A group of religious leaders held a press conference at the Chicago Temple on Tuesday, February 23rd, to call for three actions: that Governor Quinn delete video gambling from the state budget, that the Gaming Board call a moratorium on video gambling expansion until all costs are identified and addressed, and that each alderman in Chicago hold a discussion about the impact of video gambling in the ward before there is any vote in the City Council. John Buchanan of Fourth Presbyterian, Joy Rogers of St. James Cathedral, Dan Mayall of Holy Name Cathedral (by letter), and Phil Blackwell of the Chicago Temple were among the speakers. Read the paper on Video Gambling by Philip L. Blackwell.

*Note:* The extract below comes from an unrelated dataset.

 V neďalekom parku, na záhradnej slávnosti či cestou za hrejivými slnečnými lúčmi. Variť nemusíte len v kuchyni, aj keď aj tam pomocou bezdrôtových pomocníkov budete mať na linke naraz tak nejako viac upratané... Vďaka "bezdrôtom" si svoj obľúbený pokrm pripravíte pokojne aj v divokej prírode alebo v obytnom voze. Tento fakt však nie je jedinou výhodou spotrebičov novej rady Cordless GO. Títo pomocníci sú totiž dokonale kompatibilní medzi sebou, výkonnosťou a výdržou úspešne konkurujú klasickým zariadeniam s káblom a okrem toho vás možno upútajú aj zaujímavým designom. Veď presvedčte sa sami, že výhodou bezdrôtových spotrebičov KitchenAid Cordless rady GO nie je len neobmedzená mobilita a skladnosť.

Why this issue? The state budget that was adopted last fall includes a heavy reliance on video gambling as a new revenue source, ostensibly directed toward capital construction projects. However, legislators already have identified money enough to begin to let contracts, civic groups are pointing to alternative ways to fund these projects in the long term, and this expansion of gambling is becoming an issue in the gubernatorial race. So, it is a “front burner” issue, and the ecclesiastical leaders called for policy makers to stop being so cowardly as to resort to prey upon people and to have the courage to tell the truth about how much it costs to fix potholes, educate children, and pay pensions. Truth being told, then it becomes a matter of the public acting responsibly.

Why now? Well, not only it is an urgent budget concern in Springfield; it also is political matter in Chicago’s City Council. There is a proposal for aldermen to rescind the current ban on legalized gambling in the city and allow potentially 15,700 machines to be placed in the bars and restaurants of the city. This is the equivalent of almost 16 riverboats within the city limits. The four ministers who led the discussion at the press conference all serve churches which sit in Chicago’s 42nd Ward. They raised concerns about increases in poverty, crime, family stress, and violence, but also they asked, “Is this the vision that we have for our neighborhood? Is this the way in which we want to organize our life together? Is this just, or is there a better way?” Joined by additional speakers, they then outlined several ways to address the public issues that in a more faithful way.